The NHS is quite high up the news agenda these days. From the media there seem to be two big issues: culture and privatisation. The mainly right-wing press say that much of the NHS lacks a caring culture and this often leads to a breakdown of service. Left-wingers, and NHS insiders, worry about the new commissioning rules, and whether unscrupulous private companies will bid their way into contracts that destroy what is good about the service. These are both valid concerns, but a third issue should be causing more controversy than it does: funding. Not so much the NHS's overall budget, though that too is worthy of debate, but how it allocates what it has. Recently the Health Service Journal has highlighted no less than three quite distinct issues on the topic. Politicians should be paying attention.

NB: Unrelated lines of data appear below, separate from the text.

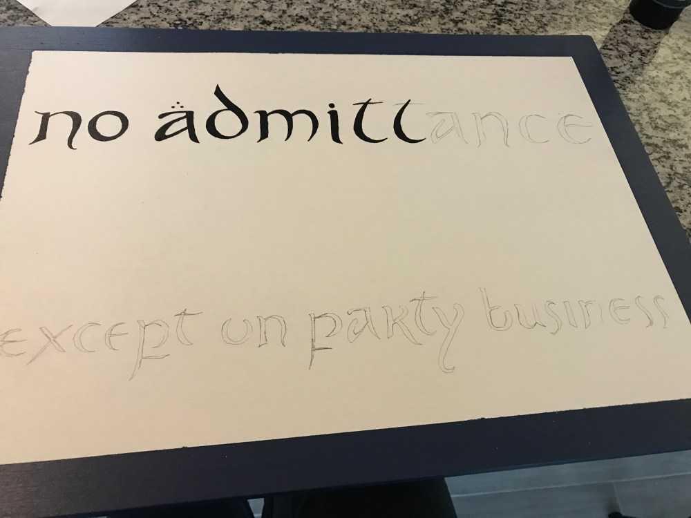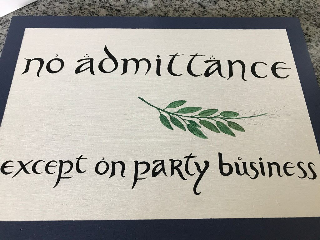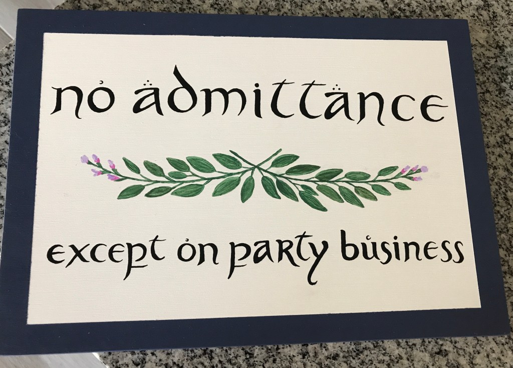 One of the things I love most about Bilbo is his longing for adventure, yet still wanting to keep his neighbors at bay. One of my favorite opening scenes is Frodo nailing a sign to the front gate that says “no admittance except on party business.” How fitting a phrase is that for social distancing? No one enters my house unless it’s for a party that most definitely isn’t happening any time soon, if ever. Thus, I got my inspiration for quarantine crafting. Seeing as I don’t have a front gate, though, I thought I’d make do with a front door wreath/sign hybrid.
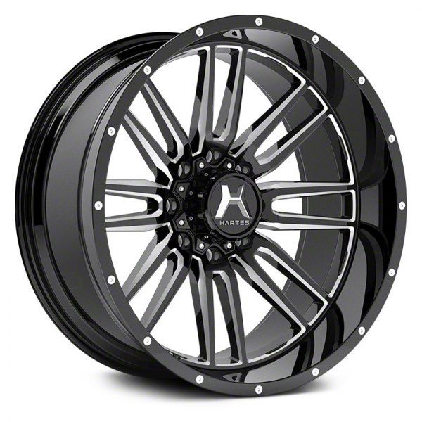 The 20x10 Hartes Metal Whipsaw Gloss Black Milled Wheel is completed in a high-quality gloss black finish with steel milled accents for an aggressive appearance. For added protection and good looks, there is a durable clear coat that withstands the rigors of everyday driving.
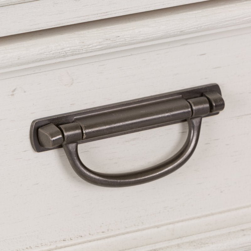 This 3-drawer nightstand is sure to anchor your bedroom in a coastal farmhouse design. It's made from solid and engineered wood and has a distressed white finish with a brown top for an antique look. Crown moulding and four tapered spade feet add to the farmhouse charm. The top drawer has knob pulls, and the bottom two have double drop pulls for an industrial flair. Plus, the drawers offer plenty of space for your bedtime essentials. Built-in outlets in the back keep your devices charged as you sleep.
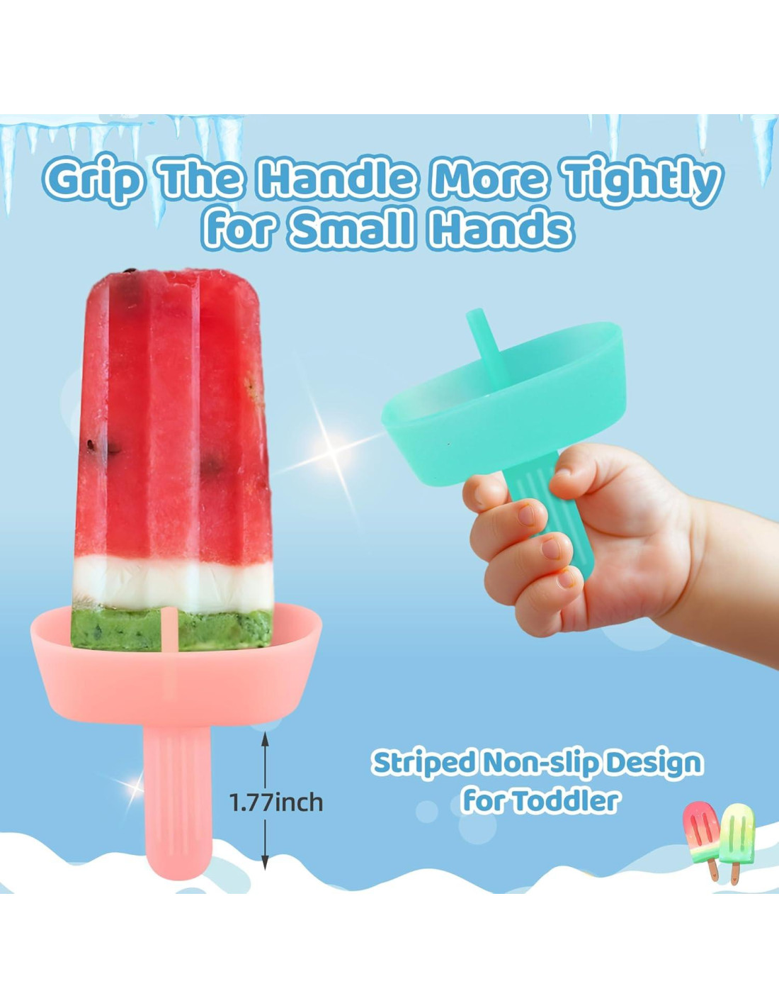 - Silicona de Grado Alimenticio y Fácil Limpieza: Hecho de silicona 100% libre de BPA, seguro para la masticación de los niños y suave con la piel. Incluye 5 sujetadores de paletas reutilizables; la superficie lisa resiste manchas y se limpia fácilmente con agua
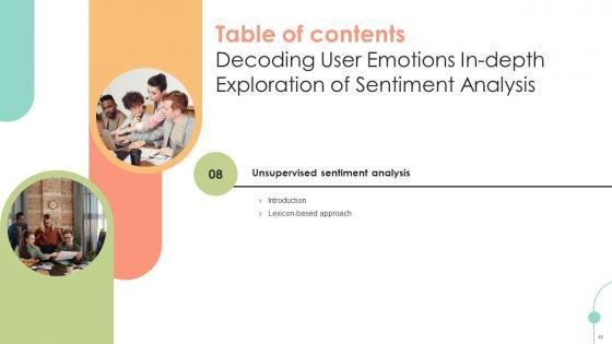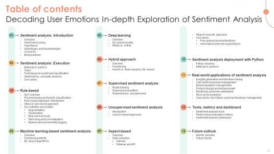 Crafting an eye-catching presentation has never been more straightforward. Let your presentation shine with this tasteful yet straightforward Table Of Contents Decoding User Emotions In Depth Exploration Of Sentiment Analysis AI SS V template. It offers a minimalistic and classy look that is great for making a statement. The colors have been employed intelligently to add a bit of playfulness while still remaining professional. Construct the ideal Table Of Contents Decoding User Emotions In Depth Exploration Of Sentiment Analysis AI SS V that effortlessly grabs the attention of your audience Begin now and be certain to wow your customers Our Table Of Contents Decoding User Emotions In Depth Exploration Of Sentiment Analysis AI SS V are topically designed to provide an attractive backdrop to any subject. Use them to look like a presentation pro.
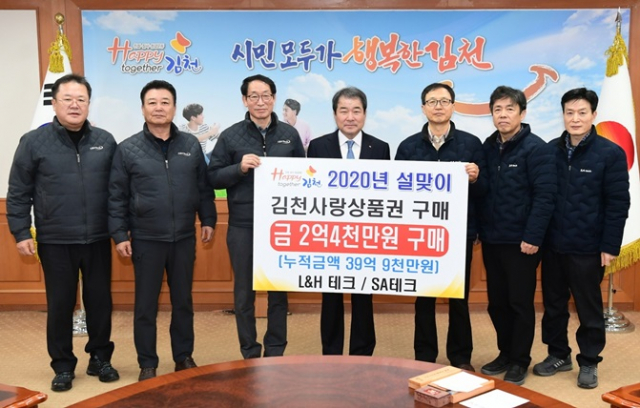 2020년 설 명절을 맞아 (주)앨엔에이치테크(L&H테크)와 (주)에스에이테크(SA테크)가 지역경제 활성화 및 지역 소상공인과 상생협력을 위해 17일 김천사랑 상품권 2억 4천만원을 구매했다.
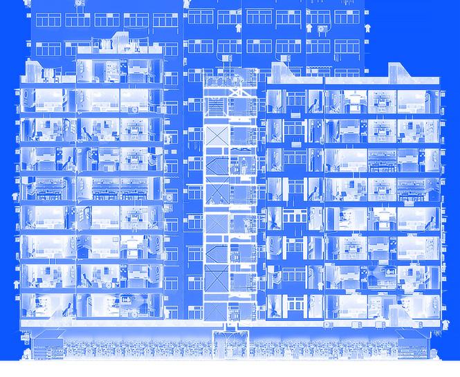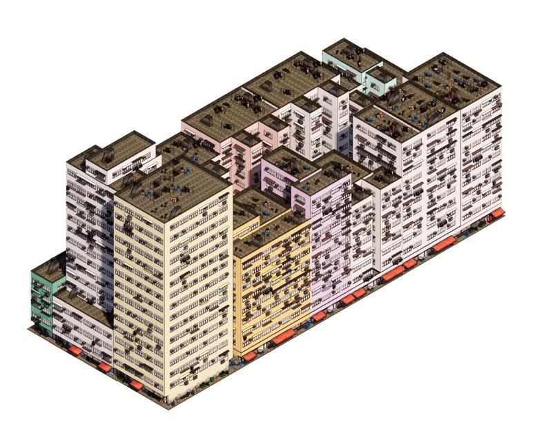 Acknowledging Hong Kong's housing history, I designed circulation and stairways referencing different periods of public housing estate plans but with a more three-dimensional approach. The new extended spaces are enclosed with mesh surfaces, creating a transparent and loose utilization of space in this co-working and co-living building.
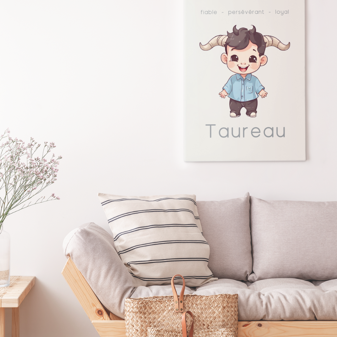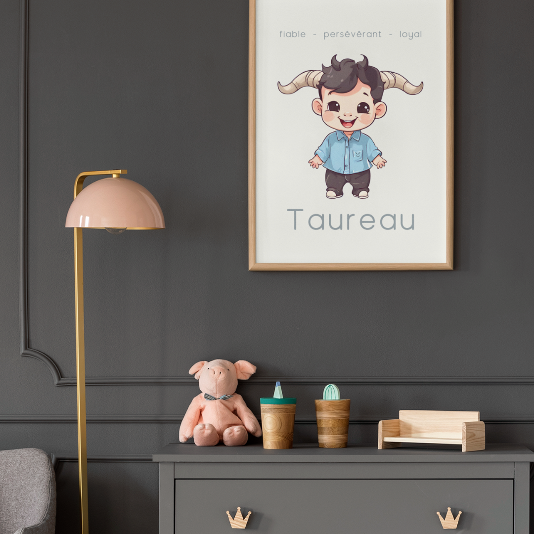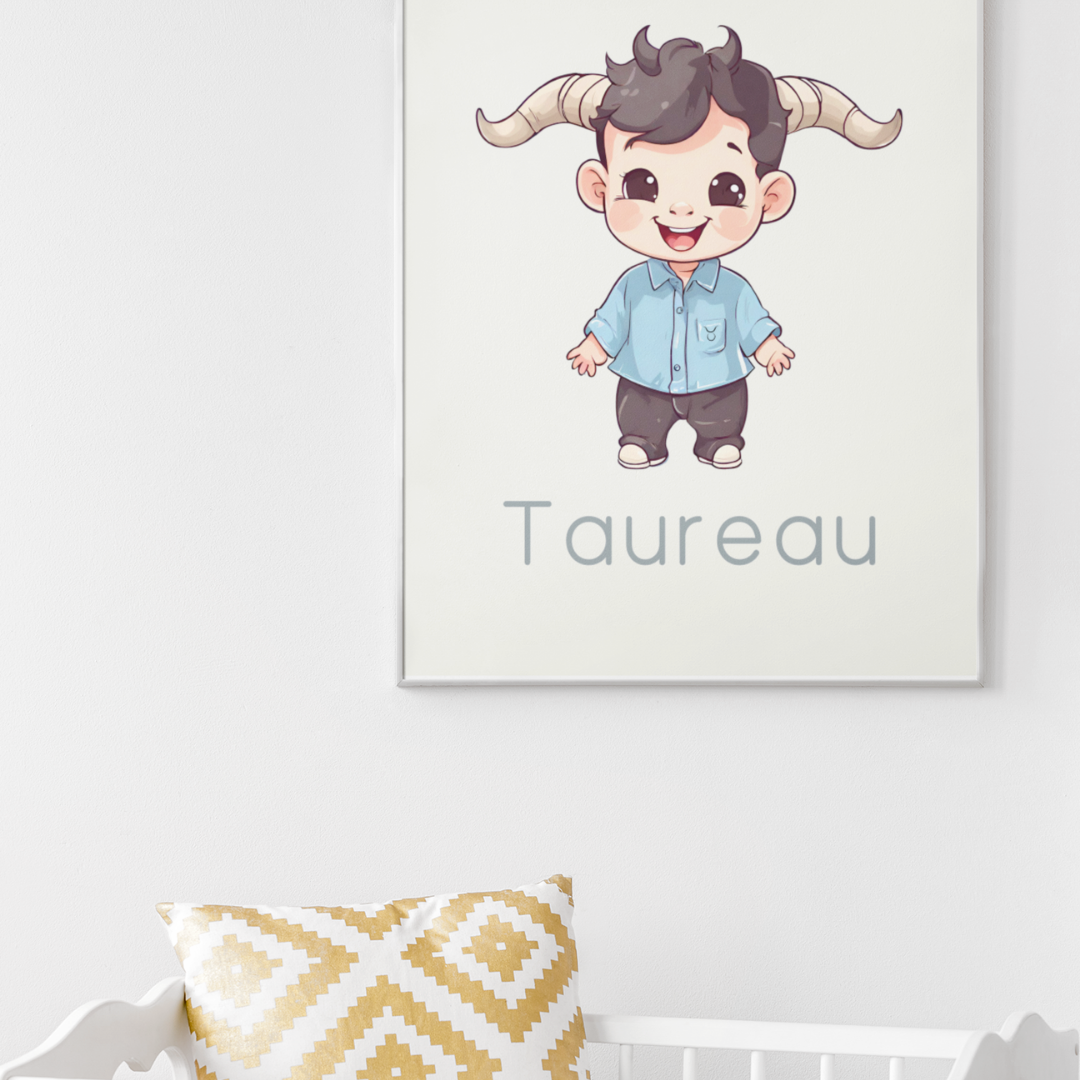 Apportez une touche de stabilité et de douceur à votre intérieur avec ce poster conçu pour les petits garçons ou les hommes ayant gardé leur âme d’enfant, nés sous le signe du Taureau. Sur un fond beige, cette illustration enfantine du Taureau incarne la fiabilité, la persévérance et la loyauté caractéristiques de ce signe de terre.

The first was an opinion article on 14th February by Robert Royce, a visiting fellow at the King's Fund, the health think tank. His subject was the Mid Staffordshire Foundation Trust: but not the Francis report, but the preceding report by Monitor, its regulator. This report questioned the trust's financial viability, suggesting that the hospital lacked scale. Hospitals like Mid Staffs are funded mainly through something referred to as "the tariff", and which used to be called by Orwellian name "Payment by Results", which was put in place by the New Labour government. This puts a price on every service episode the hospital performs: payment by activity, rather than by results. This system is often portrayed as being a commercial, market type discipline, but the tariff looks like no market tariff that I have ever seen. It is massively complicated, requiring big information systems resources to work.
What the tariff does remind me of is a transfer pricing system to allocate costs internally between two fractious units of the same organisation, who hope that by referring the problem to management accountants they can find an objective resolution. As the accountants grapple with the complexity of the problem they add layer upon layer of detail, in a hopeless quest to replicate the infinite complexities of real life, resulting in something which is nearly useless for management purposes. The system is designed for a political rather than a commercial environment, with the aim of pretending that strategic value judgements are mere technical problems. In the NHS almost all commentators go along with this pretence.
Mr Royce points to one pernicious value judgement in the tariff. It is that emergency services are bad, and elective services are good. Mid Staffs is perfectly viable financially on its elective services, but is being dragged down by losses on its emergency services. What if the tariff were raised for emergency services and lowered for elective, to genuinely reflect the underlying costs? The the hospital's viability might look altogether different.
The second article was in the magazine's "Resource Centre" section on 14th March, and is entitled The real reason for "failing" hospitals. It is by Sheena Asthana and Alex Gibson from Plymouth University. This is dressed up a piece of academic data analysis, but it is politically pointed. The authors look at the funding formula for Primary Care Trusts (PCTs: the bodies that fund the hospitals, at least until 31 March), and tries to correlate troubled hospitals and underlying population characteristics. They find that there is a strong correlation between hospital stress and a high proportion of older people in their catchment area. Their claim is that the funding formula is diverting financial resources away from these areas of greater need towards areas that are less wealthy - and this is the fundamental reason why so many hospitals are failing.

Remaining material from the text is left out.